╭─ Data excerpts

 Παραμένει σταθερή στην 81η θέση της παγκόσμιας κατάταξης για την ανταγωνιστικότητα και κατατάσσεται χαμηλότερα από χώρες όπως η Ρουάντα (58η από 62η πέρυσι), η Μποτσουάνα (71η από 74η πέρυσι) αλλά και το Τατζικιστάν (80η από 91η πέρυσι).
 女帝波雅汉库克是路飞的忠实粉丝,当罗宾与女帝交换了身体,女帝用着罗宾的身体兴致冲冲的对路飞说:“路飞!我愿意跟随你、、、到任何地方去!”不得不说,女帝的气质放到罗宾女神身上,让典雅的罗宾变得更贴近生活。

╰─
╭─ Data excerpts

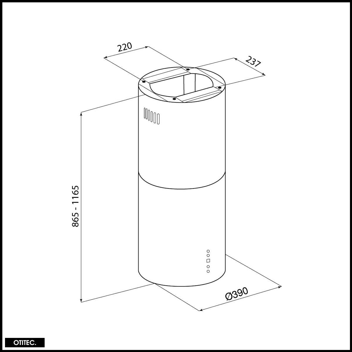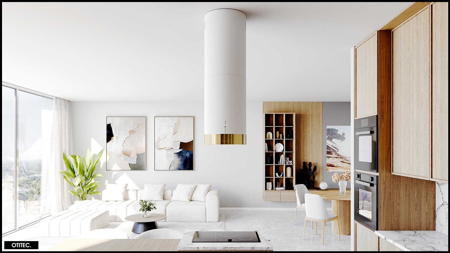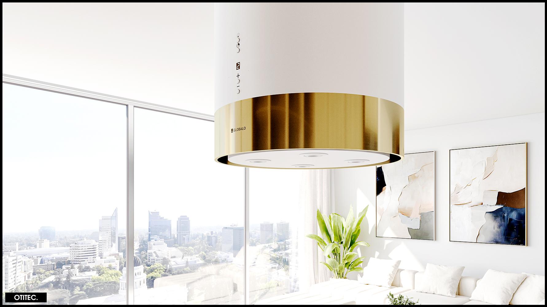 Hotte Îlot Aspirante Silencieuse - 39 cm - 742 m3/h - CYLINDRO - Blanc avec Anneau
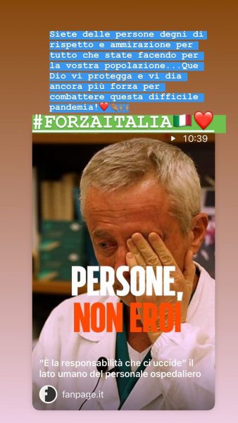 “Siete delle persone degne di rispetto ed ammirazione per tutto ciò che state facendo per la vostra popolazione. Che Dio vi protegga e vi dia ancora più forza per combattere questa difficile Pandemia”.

╰─

- What the task requires: Looking at the listing above, which lines run from the one containing "Hotte Îlot Aspirante" through the one containing "delle persone degne"? Print exactly those, ends included, pictures excluded.

- Task response:
 Hotte Îlot Aspirante Silencieuse - 39 cm - 742 m3/h - CYLINDRO - Blanc avec Anneau
 “Siete delle persone degne di rispetto ed ammirazione per tutto ciò che state facendo per la vostra popolazione. Che Dio vi protegga e vi dia ancora più forza per combattere questa difficile Pandemia”.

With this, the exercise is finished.